Nevada’s timeshare laws are ruled by the Nevada Revised Statutes – Chapter 119A. This chapter is explicitly devoted to timeshare law in Nevada.
Timeshare Laws and Upfront Fees in Nevada
Nevada law provides various protections for a timeshare owner who attempts to sell the timeshare interest to another. If a broker collects an upfront or advance fee to sell the timeshare, the broker must place 80% of the money collected into an escrow account. If the timeshare is sold, the broker will be deemed to have earned the advance fee. If the timeshare is not sold during the listing period defined in the contract, the broker must return the 80% fee to the owner pursuant to NRS 119A.4779.
Right to Cancel a Timeshare Contract
In Nevada, a purchaser has the right to cancel a timeshare contract of sale until midnight of the fifth calendar day following the date the contract was executed. As stated in NRS 119A.410 this right to cancel may not be waived and notice must be given to the developer by certified mail or personal delivery.

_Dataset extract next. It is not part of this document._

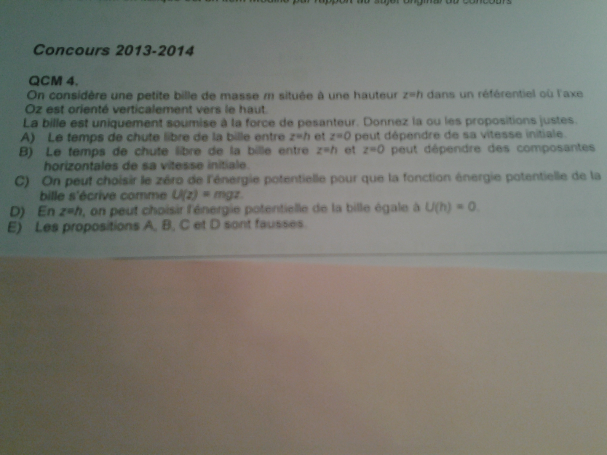 je ne comprends pas pourquoi l'item D est juste, j'ai regardé la correction et on dit qu'on prend h comme origine du repère (ok) mais pourtant en h l'energie potentielle est maximale non ?
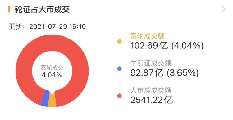 其中,窝轮总成交102.69亿港元,牛熊证总成交92.87亿港元。

After receiving this notice, the developer must refund all payments within 15 days. The right of cancellation may not be waived; any attempt by the developer to obtain a waiver results in a contract which is voidable by the purchaser. If you have purchased a timeshare from an individual or entity that is not the developer (like the resale market), please speak with a timeshare attorney to discuss what rescission rights, if any, are available to you.

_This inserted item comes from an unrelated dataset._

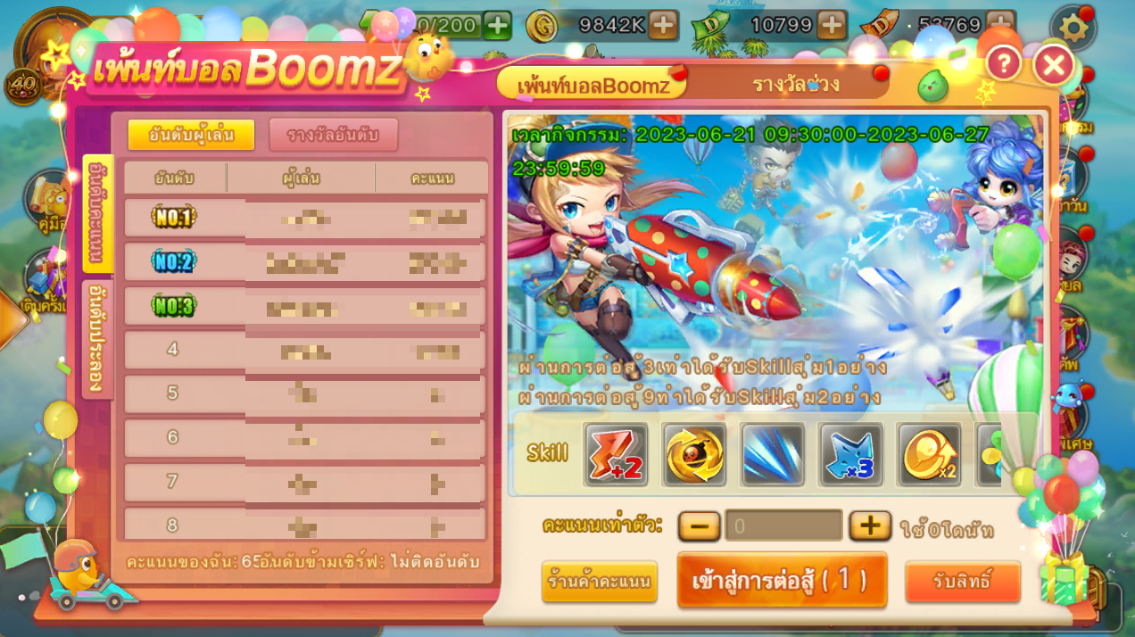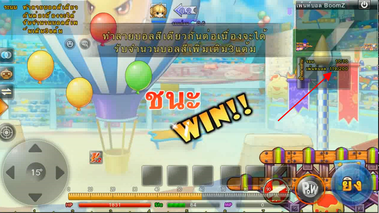 - ถ้าในรอบนั้นทำลายลูกโป่งทั้งหมดได้จะได้รับคะแนนเพิ่มเติม 30 แต้ม

Nevada Timeshare Resale Law
Nevada Revised Statute 119A.4771 provides guidelines for the sale and resale of timeshare. This statute states that other than developer sales, any person who wishes to offer, sell or advertise timeshare in Nevada must be a licensed broker AND timeshare resale broker if they are selling more than 12 units.
A timeshare may not be advertised until the advertisement is filed with the state. The developer must be aware of any and all advertising documents, brochures, gifts, or presentations as stated in NRS 119A.4773.